Software as a Service (Saas)
There are people who've asked what's the best way to setup Arachni to operate in a SaaS model so hopefully this article will clarify a few things and point you to the right direction.
Default model (On-Demand)
Arachni's default distributed model is that of On-Demand; you
have a Dispatcher which you ask for an Instance, then you take the
Instance that's been assigned to you, configure it with the scan
options and start the scan.
Once the scan is running you poll it intermittently to check its
progress and once the scan is finished you grab the report, save it
somewhere and then shutdown your Instance.

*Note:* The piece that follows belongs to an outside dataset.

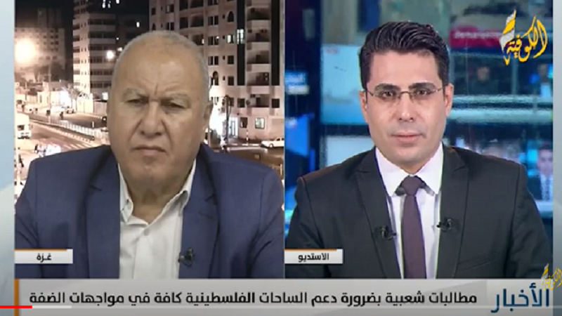 وأضاف في مقابلة على قناة «الكوفية»، أن "الشعب الفلسطيني جزء أساسي من محور النضال"، داعيًا السلطة الفلسطينية إلى القيام بدورها في حماية أبناء الشعب الفلسطيني، والدفاع عنه.

Seasoned engineers of distributed systems will immediately think: What a stupid way of doing things, this will be a pain to scale.
And they would, of course, be right.
In order to load balance your jobs you would have to keep track of the workload of all your Dispatchers and then assign the next job to the least burdened one -- which is not the most elegant solution.
On the other hand, the On-Demand model allows you to perform scans...well...on demand and is perfect for developing user interfaces -- like the WebUI for example.
Plus, the On-Demand model is the simplest to work with and any other model can be built on top of it, so you don't lose any flexibility (in case you're looking to do fancier stuff) while keeping the design neat, simple and straightforward.
Typical SaaS model (Producer/Consumer)
So far I've explained the default way of doing things and the reason for that design choice, let's now look at a deployment more suitable to an SaaS endeavor.
What you need in this case is the Producer/Consumer
model.
The Producer would be an interface for pushing scan configurations
to a queue and the Consumer(s) would be a system which would
maintain a pool of Instances, be able to pop items off of the
queue, assign them to an Instance and generally manage them.
The way to do that in Arachni is to add custom RPCD Handlers to your Dispatchers.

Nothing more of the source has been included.